◆ Your objective:
From the records below, transcribe only the lines running from the one with "Singer 107G201 - Threading" through the one with "16. 11., ob". Keep both of those end lines.

◆ Dataset content:
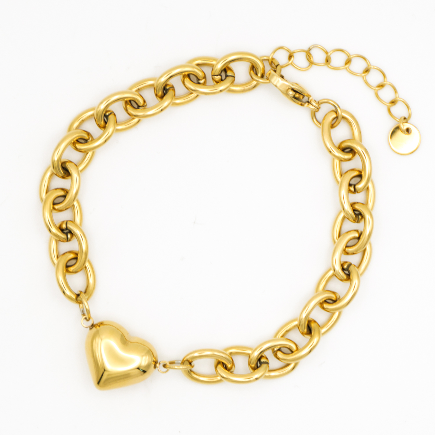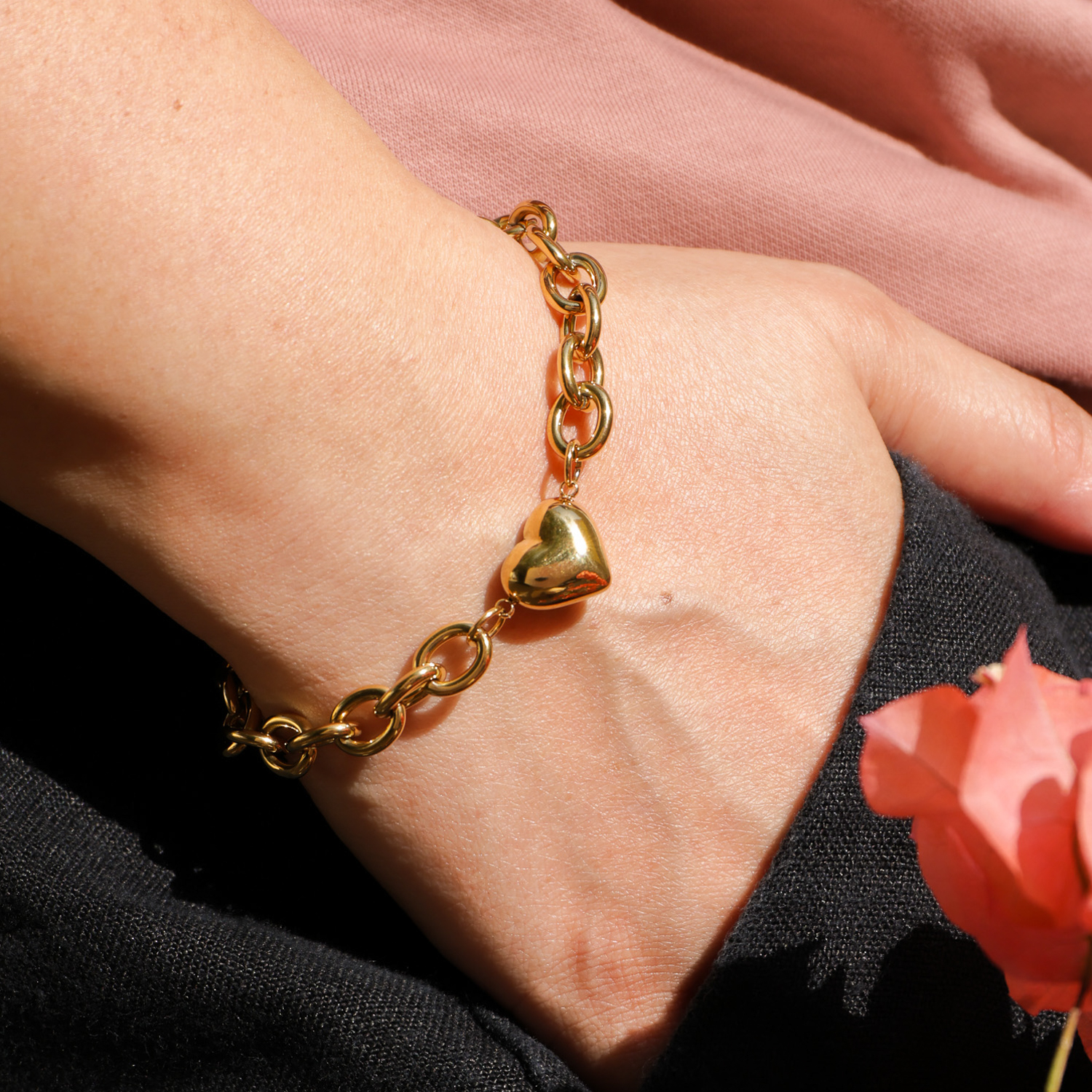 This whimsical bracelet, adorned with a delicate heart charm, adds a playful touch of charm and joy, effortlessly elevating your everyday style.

...

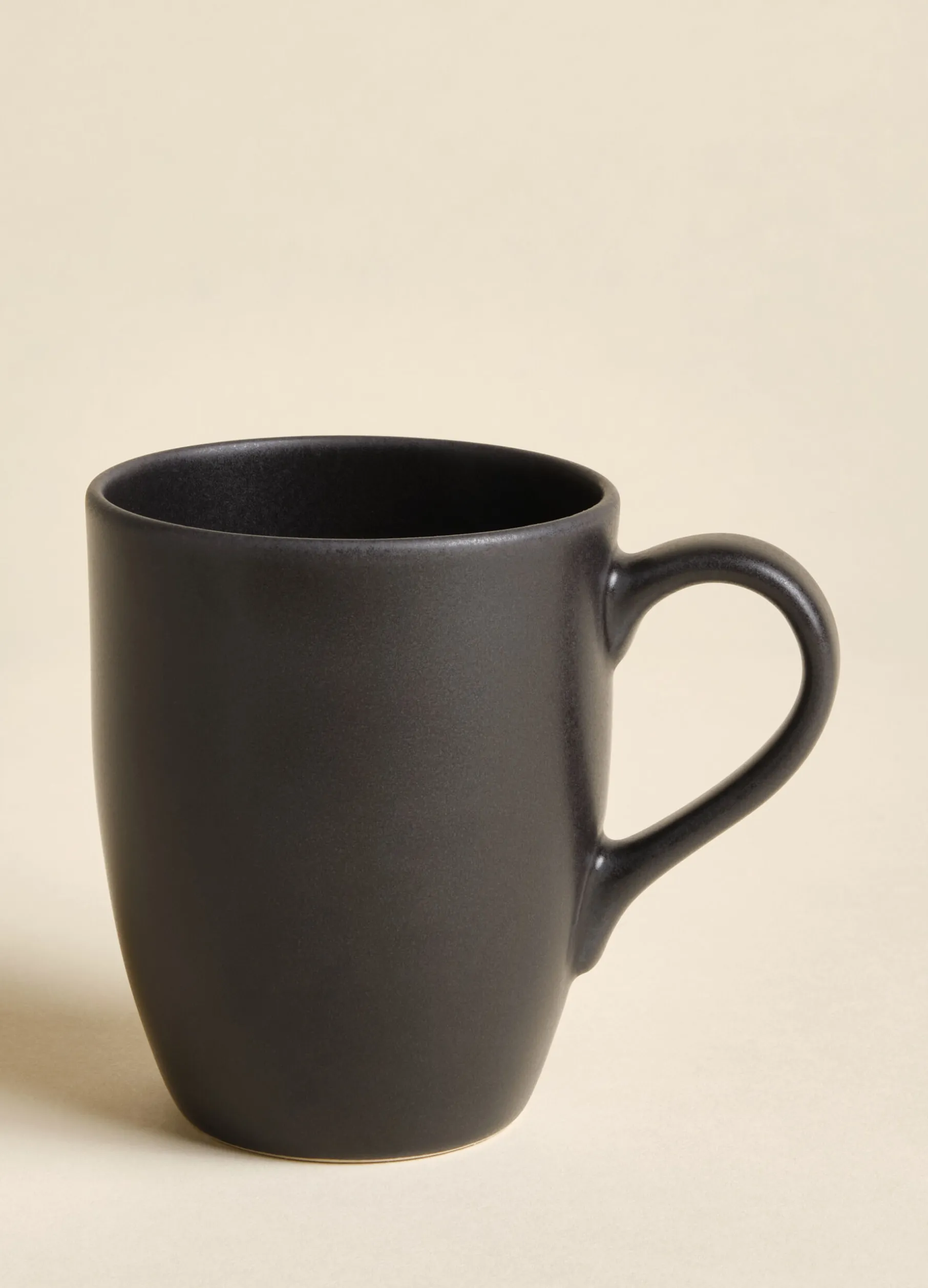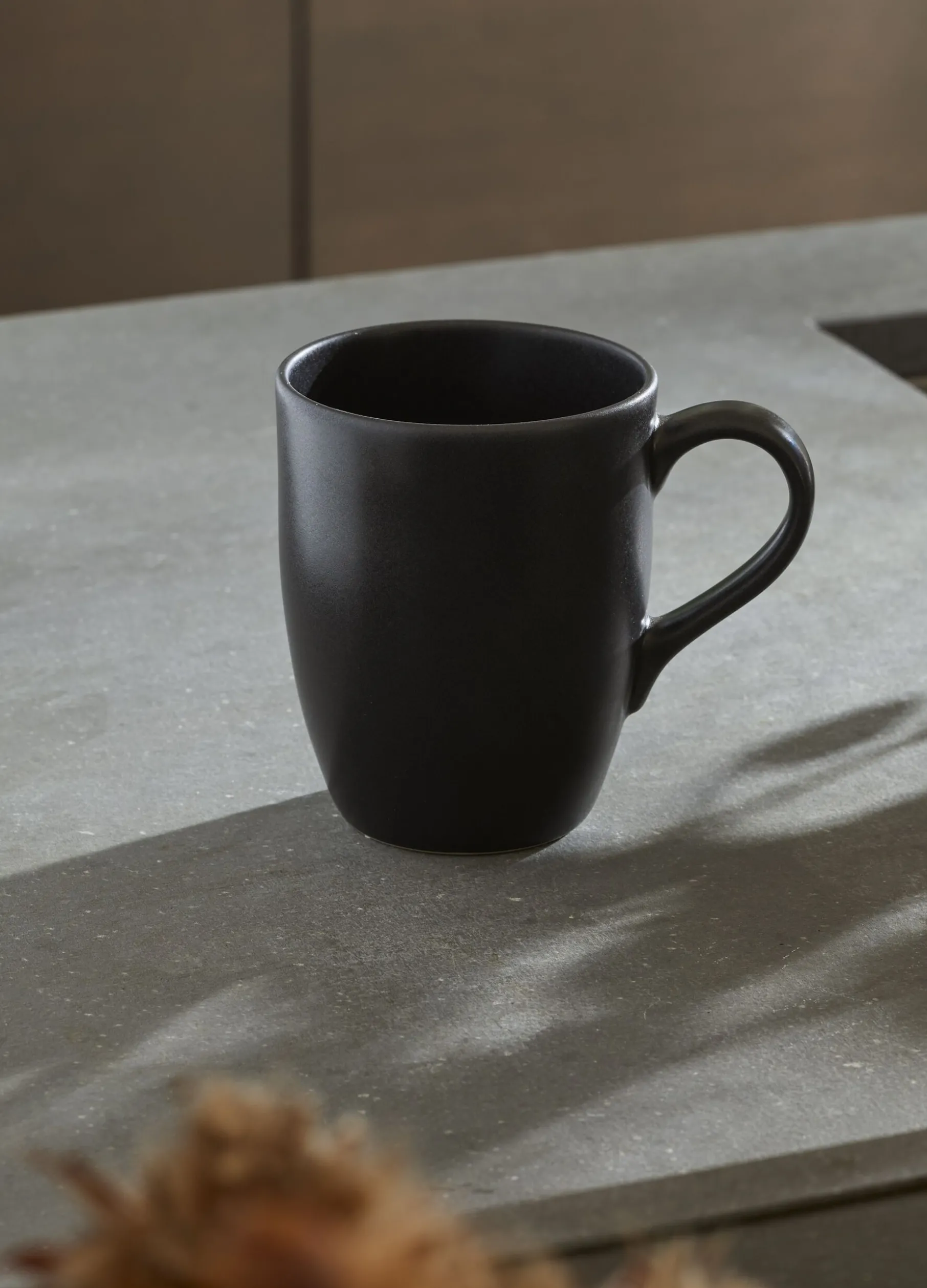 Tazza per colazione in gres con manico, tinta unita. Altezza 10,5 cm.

---

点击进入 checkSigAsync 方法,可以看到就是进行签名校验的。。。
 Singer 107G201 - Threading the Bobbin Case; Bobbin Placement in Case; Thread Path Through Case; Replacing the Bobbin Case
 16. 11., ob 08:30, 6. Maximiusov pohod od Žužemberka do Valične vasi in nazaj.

◆ Task response:
 Singer 107G201 - Threading the Bobbin Case; Bobbin Placement in Case; Thread Path Through Case; Replacing the Bobbin Case
 16. 11., ob 08:30, 6. Maximiusov pohod od Žužemberka do Valične vasi in nazaj.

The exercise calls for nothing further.